An Efficient Self-Supervised Framework for Long-Sequence EEG Modeling
Jiazhen Hong, Geoffrey Mackellar, Soheila Ghane
TL;DR
EEGM2 tackles long-sequence EEG modeling by marrying a U-shaped encoder–decoder with Mamba-2 structured state-space blocks to achieve linear $O(T)$ computational complexity while preserving temporal and spectral EEG dynamics through a temporal–spectral reconstruction loss. The method supports flexible downstream evaluation (linear/non-linear probing and fine-tuning) and includes a lightweight EEGM2-L variant for resource-constrained deployment. Across TUAB and Emotiv datasets, EEGM2 achieves state-of-the-art performance for short and long sequences, demonstrates strong cross-subject generalization, and shows transferability across domains, with favorable memory and speed profiles compared with Transformer baselines.
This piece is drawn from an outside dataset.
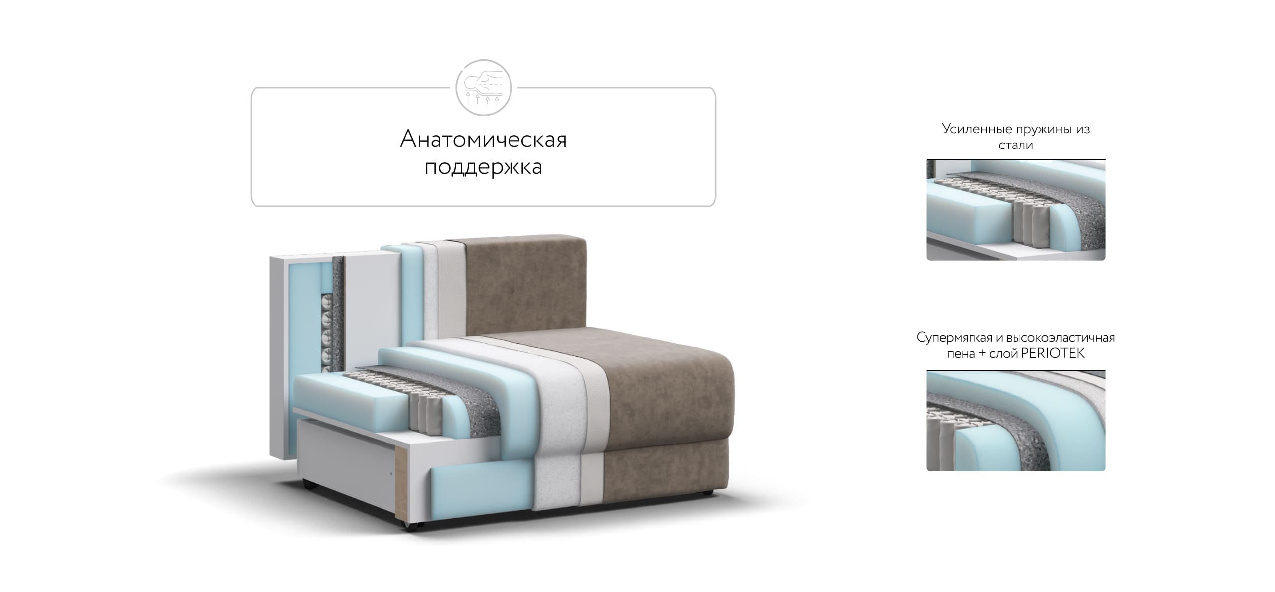 Ричмонд Модуль – Модульная система для комфортного отдыха. Суперудобная глубокая посадка и высокоэластичная пена с дополнительным слоем Периотек создадут максимальный комфорт во время отдыха.

This work provides a scalable, efficient backbone for EEG representation learning applicable to real-time, resource-limited brain-computer interface devices.
Abstract
Electroencephalogram (EEG) signals generally exhibit low signal-to-noise ratio (SNR) and high inter-subject variability, making generalization across subjects and domains challenging. Recent advances in deep learning, particularly self-supervised learning with Transformer-based architectures, have shown promise in EEG representation learning. However, their quadratic computational complexity increases memory usage and slows inference, making them inefficient for modeling long-range dependencies. Moreover, most existing approaches emphasize either explicit window segmentation of the temporal signal or spectral-only input embedding while neglecting raw temporal dynamics. In this paper, we propose EEGM2, a self-supervised framework that overcomes these limitations. EEGM2 adopts a U-shaped encoder-decoder architecture integrated with Mamba-2 to achieve linear computational complexity, thereby reducing memory usage and improving inference speed. Meanwhile, the selective information propagation mechanism of Mamba-2 enables the model to effectively capture and preserve long-range dependencies in raw EEG signals, where traditional RNN or CNN architectures often struggle. Moreover, EEGM2 employs a self-supervised pre-training objective that reconstructs raw EEG using a combined L1 and spectral (Fourier-based) loss, enhancing generalization by jointly preserving temporal dynamics and spectral characteristics. Experimental results demonstrate that EEGM2 achieves state-of-the-art performance in both short- and long-sequence modeling and classification. Further evaluations show that EEGM2 consistently outperforms existing models, demonstrating strong generalization across subjects and tasks, as well as transferability across domains. Overall, EEGM2 offers an efficient and scalable solution suitable for deployment on resource-constrained brain-computer interface (BCI) devices.